- EXERCISE GOAL -
Output only the entries, exactly as given, without the pictures.

- MATERIALS PROVIDED -
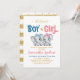 Det är tvillingar. Bedårande illustration av en vacker bebis elefant med ett rosa band ovanför huvudet och en annan bedårande bebis elefant med ett blått band ovanför huvudet. Vattenfärg målning stil. Baksidan har en bakgrund med guld och vita ränder och gyllene glitter prickar.
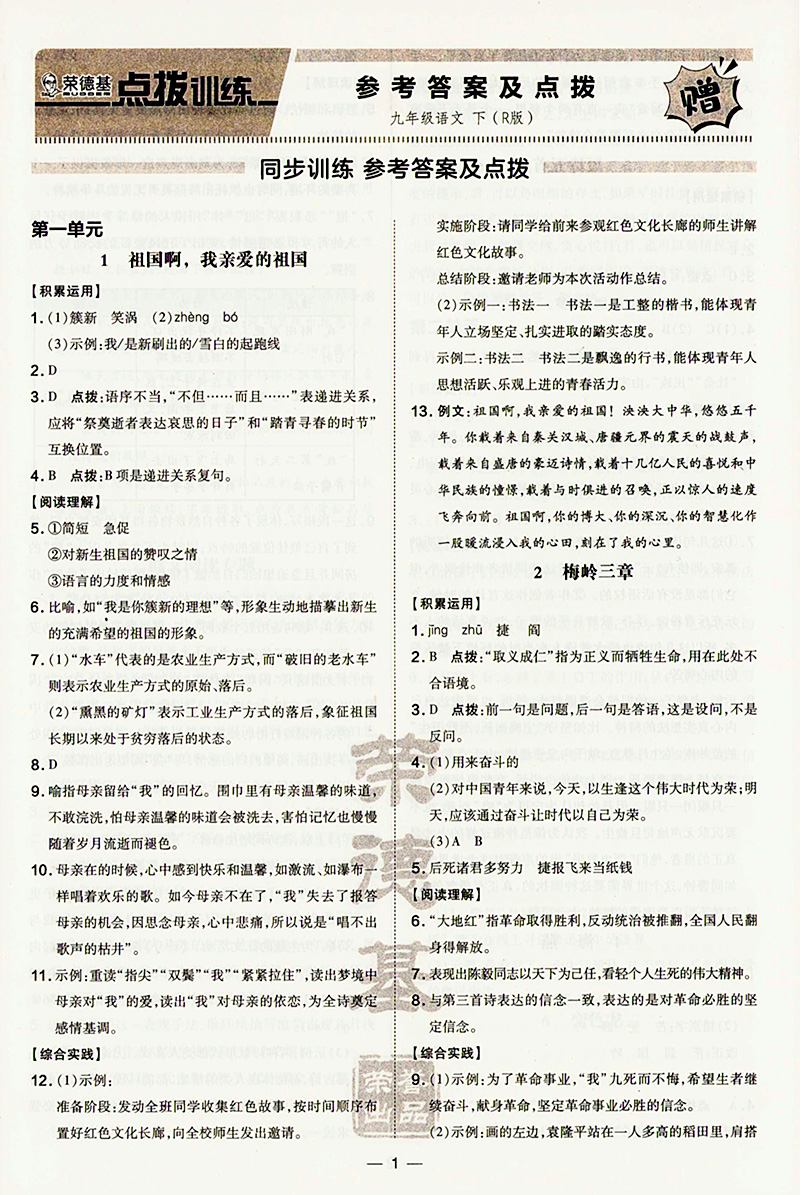 2023春 荣德基点拨训练 九年级语文下册 人教版
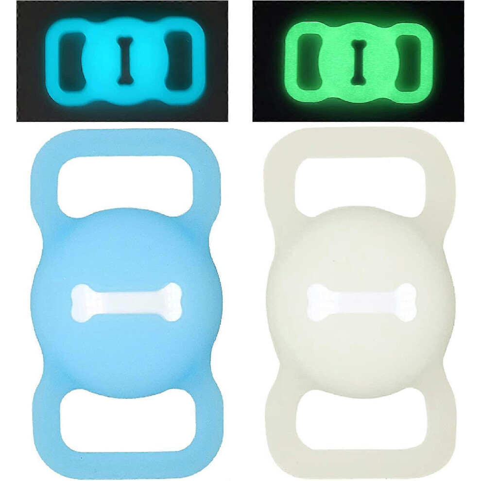 (As show, One size) 2 Pack Pet AirTag Holder for Apple Air Tag Bone Protector Pet Cat Dog Collar Chain AirTag Anti Lost Box (Luminous Blue and Green)
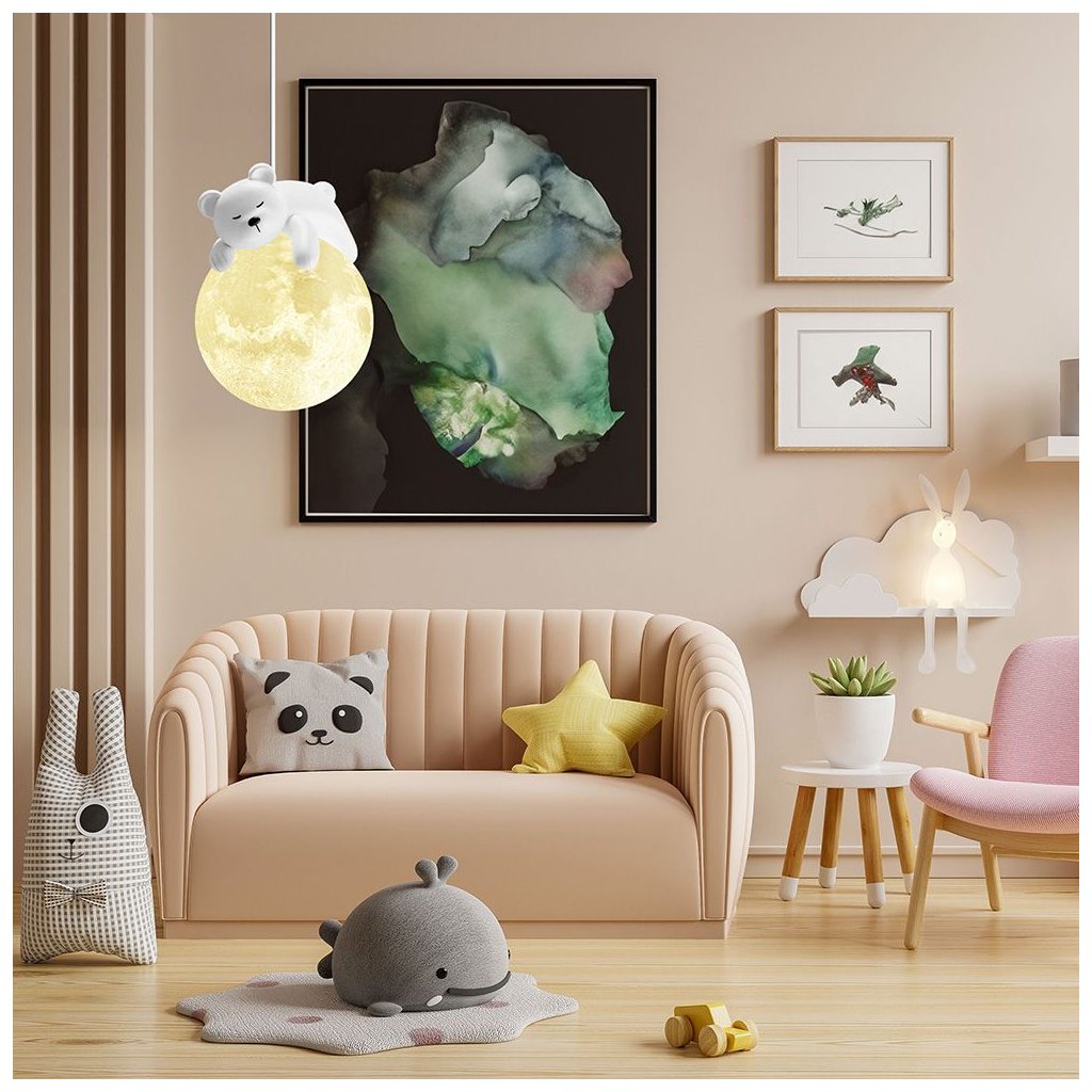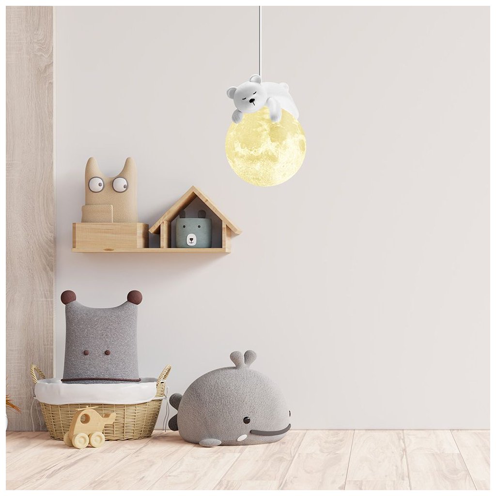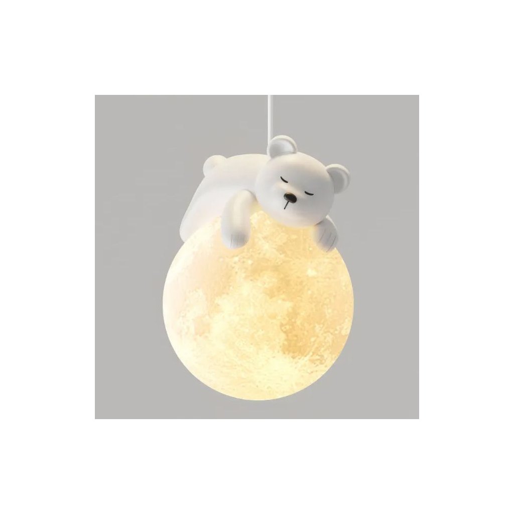 - Unikátní design: Okouzlující lampa se stínítkem ve tvaru měsíce a dekorativní figurkou plyšového medvídka, ideální do dětského pokoje.
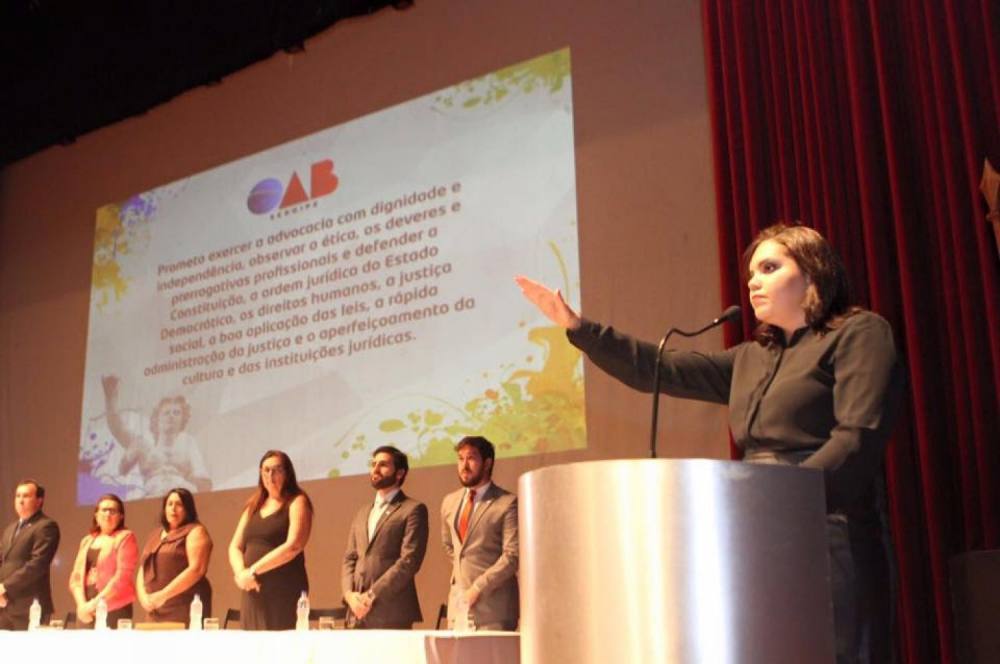 Adrielly Lima Silva, recebeu sua carteira de Ordem esta noite e também foi a juramentista da turma, e contou sua emoção: “essa noite para mim representa a realização de um sonho. Eu desejo advogar com todo meu coração. Essa noite é como tocar a felicidade com as duas mãos e após tantas batalhar falar ‘poxa, sou merecedora’. Espero poder estar a altura do que representa essa profissão e exercer com amor, dignidade e ética, pois meu coração bate pela advocacia”. Davi Pereira Lea, também recém-ingresso e orador da turma, fez um discurso eloquente, recheado de referências. Num dado momento, disse: “não foi fácil. Nós choramos, nós sofremos, mas nós insistimos. Nós continuamos, nós lutamos e estamos aqui hoje” e, por fim, conclamou todos seus colegas para, de pé, se colocarem com coragem para a profissão.
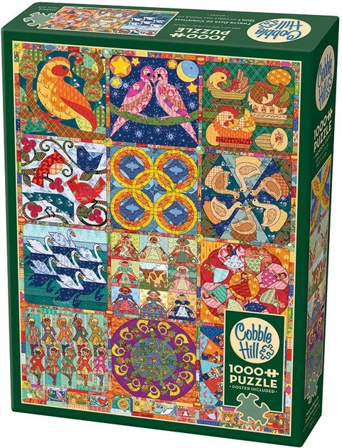 Od jednej kuropatwy na gruszy do dwunastu bębniarzy grających na bębnach – ciesz się "Puzzlami Dwunastu Dni Świąt" składającymi się z 1000 kolorowych elementów. Zaprojektowane przez Cobble Hill Creations.
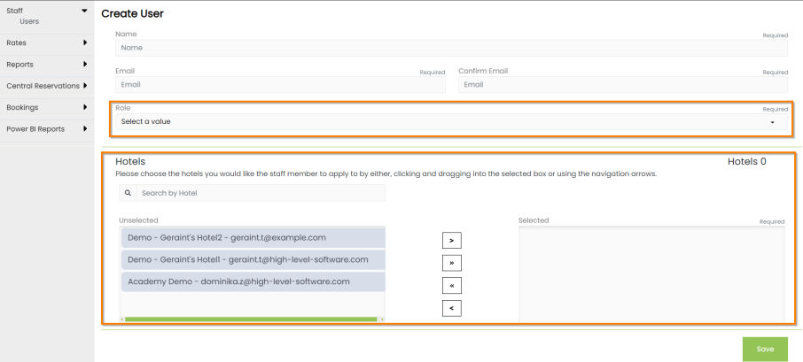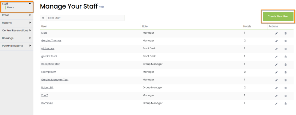 - Staff – staff profiles can be managed centrally and created over multiple hotels
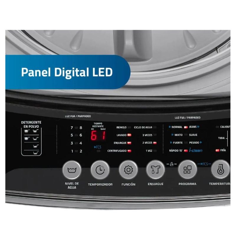 Equipada con 8 programas automáticos, control de temperatura con 3 niveles, 8 niveles de agua y tecnología antienredo, esta lavadora optimiza cada ciclo para proteger las prendas y ahorrar recursos. Su diseño moderno en color gris oscuro, el panel digital y la eficiencia energética A la convierten en una de las mejores opciones del mercado.
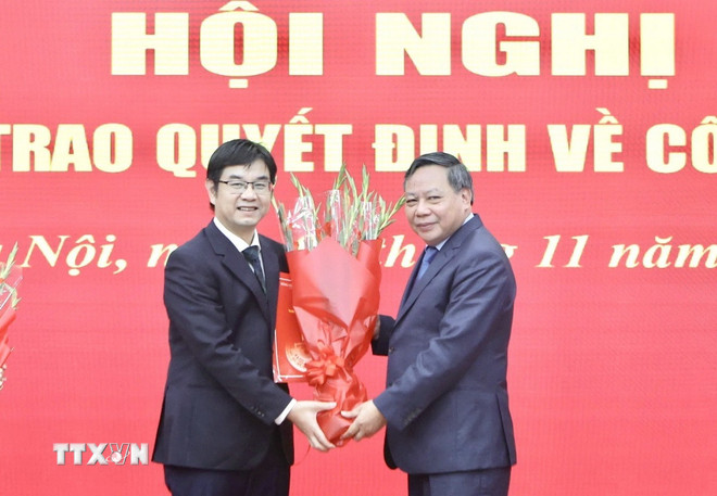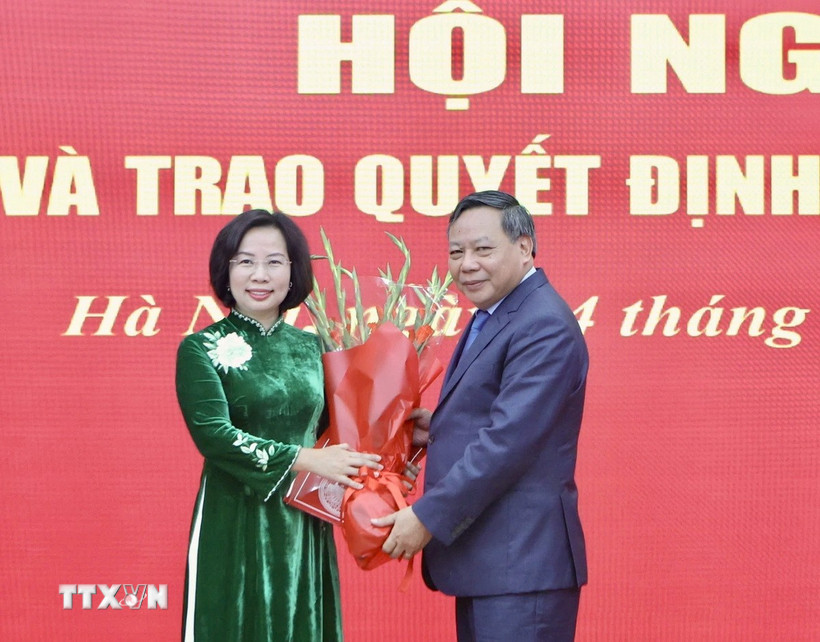 Phó Bí thư Thường trực Thành ủy Hà Nội Nguyễn Văn Phong tặng hoa, chúc mừng bà Bùi Huyền Mai được chỉ định giữ chức vụ Bí thư Đảng ủy MTTQ Việt Nam thành phố Hà Nội nhiệm kỳ 2025-2030. (Ảnh: Minh Nghĩa/TTXVN)
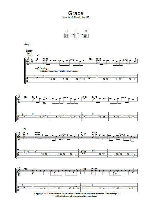 Download or print U2 Grace sheet music, chords and digital score arranged for Guitar Tab. This Rock score includes 5 page(s).
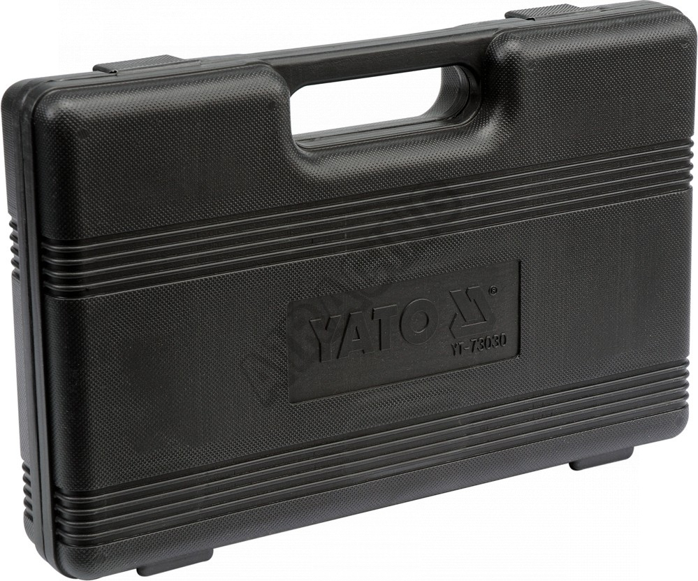 Tlakoměr má stupnici až do 35 barů. Vše je přehledně uloženo v plastovém kufru.

- FINISHED TASK -
 Det är tvillingar. Bedårande illustration av en vacker bebis elefant med ett rosa band ovanför huvudet och en annan bedårande bebis elefant med ett blått band ovanför huvudet. Vattenfärg målning stil. Baksidan har en bakgrund med guld och vita ränder och gyllene glitter prickar.
 2023春 荣德基点拨训练 九年级语文下册 人教版
 (As show, One size) 2 Pack Pet AirTag Holder for Apple Air Tag Bone Protector Pet Cat Dog Collar Chain AirTag Anti Lost Box (Luminous Blue and Green)
 - Unikátní design: Okouzlující lampa se stínítkem ve tvaru měsíce a dekorativní figurkou plyšového medvídka, ideální do dětského pokoje.
 Adrielly Lima Silva, recebeu sua carteira de Ordem esta noite e também foi a juramentista da turma, e contou sua emoção: “essa noite para mim representa a realização de um sonho. Eu desejo advogar com todo meu coração. Essa noite é como tocar a felicidade com as duas mãos e após tantas batalhar falar ‘poxa, sou merecedora’. Espero poder estar a altura do que representa essa profissão e exercer com amor, dignidade e ética, pois meu coração bate pela advocacia”. Davi Pereira Lea, também recém-ingresso e orador da turma, fez um discurso eloquente, recheado de referências. Num dado momento, disse: “não foi fácil. Nós choramos, nós sofremos, mas nós insistimos. Nós continuamos, nós lutamos e estamos aqui hoje” e, por fim, conclamou todos seus colegas para, de pé, se colocarem com coragem para a profissão.
 Od jednej kuropatwy na gruszy do dwunastu bębniarzy grających na bębnach – ciesz się "Puzzlami Dwunastu Dni Świąt" składającymi się z 1000 kolorowych elementów. Zaprojektowane przez Cobble Hill Creations.
 - Staff – staff profiles can be managed centrally and created over multiple hotels
 Equipada con 8 programas automáticos, control de temperatura con 3 niveles, 8 niveles de agua y tecnología antienredo, esta lavadora optimiza cada ciclo para proteger las prendas y ahorrar recursos. Su diseño moderno en color gris oscuro, el panel digital y la eficiencia energética A la convierten en una de las mejores opciones del mercado.
 Phó Bí thư Thường trực Thành ủy Hà Nội Nguyễn Văn Phong tặng hoa, chúc mừng bà Bùi Huyền Mai được chỉ định giữ chức vụ Bí thư Đảng ủy MTTQ Việt Nam thành phố Hà Nội nhiệm kỳ 2025-2030. (Ảnh: Minh Nghĩa/TTXVN)
 Download or print U2 Grace sheet music, chords and digital score arranged for Guitar Tab. This Rock score includes 5 page(s).
 Tlakoměr má stupnici až do 35 barů. Vše je přehledně uloženo v plastovém kufru.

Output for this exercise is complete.